10 July 2018Print This Post

High Court orders indemnity costs against claimant that discontinued on eve of hearing

Aeroflot: Eight-year action

Russian state airline Aeroflot has been ordered to pay indemnity costs for the entire eight years of a fraud claim that it dropped on the eve of opening submissions.

Mrs Justice Rose said a claimant who makes serious allegations of fraud, conspiracy and dishonesty and then abandons them, “thereby depriving the defendant of any opportunity to vindicate his reputation”, should normally expect an order for indemnity costs.

In PJSC Aeroflot – Russian Airlines v Leeds & Anor (Trustees of the estate of Boris Berezovsky) & Ors [2018] EWHC 1735 (Ch), the proceedings alleged that Nikolay Glushkov together with Boris Berezovsky – both of whom are now dead – misappropriated large sums of money from Aeroflot between 1996 and 1998, and that the so-called ‘Forus defendants’ were the vehicles by which this was carried out.

The claim, issued in January 2010, was that he conspired with Mr Berezovsky to cause Aeroflot to enter into a number of substantial loan agreements with companies which he controlled in the Forus Group.

The trial of what the judge called “these complex and acrimonious proceedings” was set down for 28 days, commencing on 10 April 2018. The timetable allocated four days judicial reading time followed by opening submissions and evidence due to start in court at 2pm on Monday 16 April.

Just before 5pm on Friday 13 April, however, Pinsent Masons, solicitors for Aeroflot, sought permission to discontinue its proceedings against all defendants.

The application had to be made to the court because Aeroflot had the benefit of worldwide freezing orders against the defendants, and under CPR 38.2(2), a claimant must seek the permission of the court to discontinue where the court has granted an injunction.

Aeroflot offered to pay the costs of the Forus defendants on the standard basis as part of the discontinuance, but not Mr Glushkov.

In granting the application, Rose J discharged the freezing orders, ordered an interim payment on account of costs of £2.5m for the Forus defendants, which was about 60% of their total costs, and of £600,000 for Mr Glushkov’s costs, around 43% of his total costs.

The defendants applied for costs on the indemnity basis on two grounds.

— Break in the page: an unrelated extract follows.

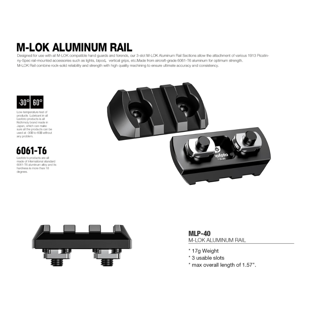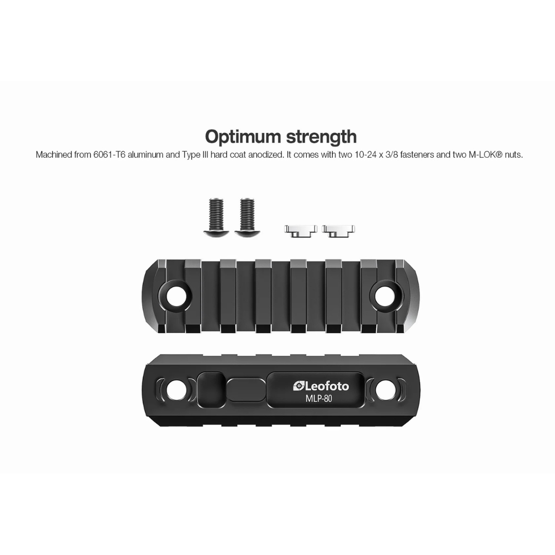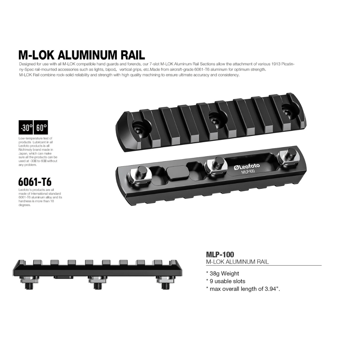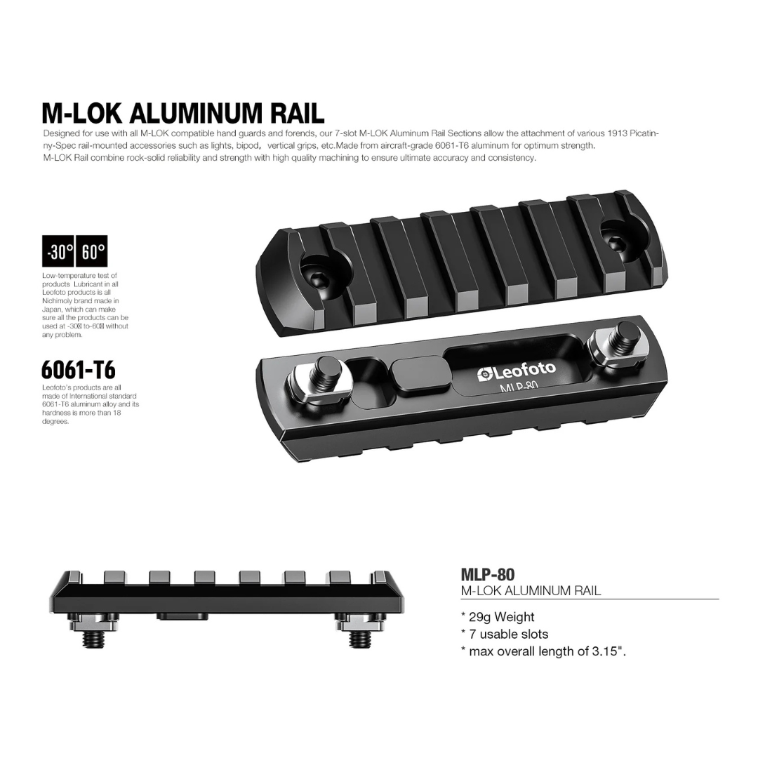 The Leofoto MLP Series M-LOK Quick Release Plate is Picatinny compatible. The plate is CNC machined from T6061 and hard anodized for durability and can be secured to the M-LOK handguard of compatible rifles. Rifle accessories can then be easily mounted via the picatinny rail.
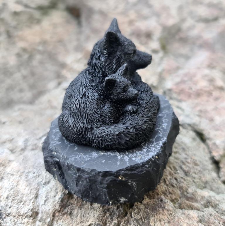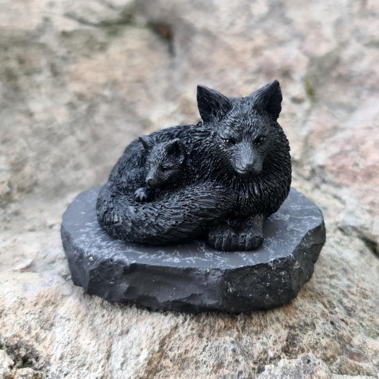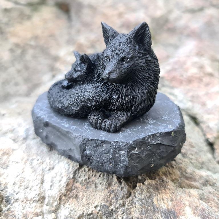 Фигурка Лиса с лисенком, шунгит

First was the High Court ruling in Clutterbuck and Paton v HSBC plc & others [2016] 1 Costs LR 13, as authority for the proposition that where a claimant proceeds with allegations of serious dishonesty and fraud against a defendant and discontinues those claims without explanation, an order for indemnity costs should usually follow.

Rose J said there was “no basis for distinguishing Clutterbuck from the present case”.

She continued: “On the contrary, the present case is stronger given that the allegations of fraud were pursued over eight years and the proceedings were prosecuted vigorously up to a few hours before the whole claim was abandoned the afternoon before the trial.”

The order for indemnity costs was likely to be the just result, “unless some explanation can be given as to why the claimant has decided that the allegations are bound to fail”.

However, Aeroflot chose not give a reason for discontinuing.

The second ground was the “more familiar test” from Three Rivers DC v Bank of England [2006] EWHC 816 (Comm) of circumstances which take the case “out of the norm”.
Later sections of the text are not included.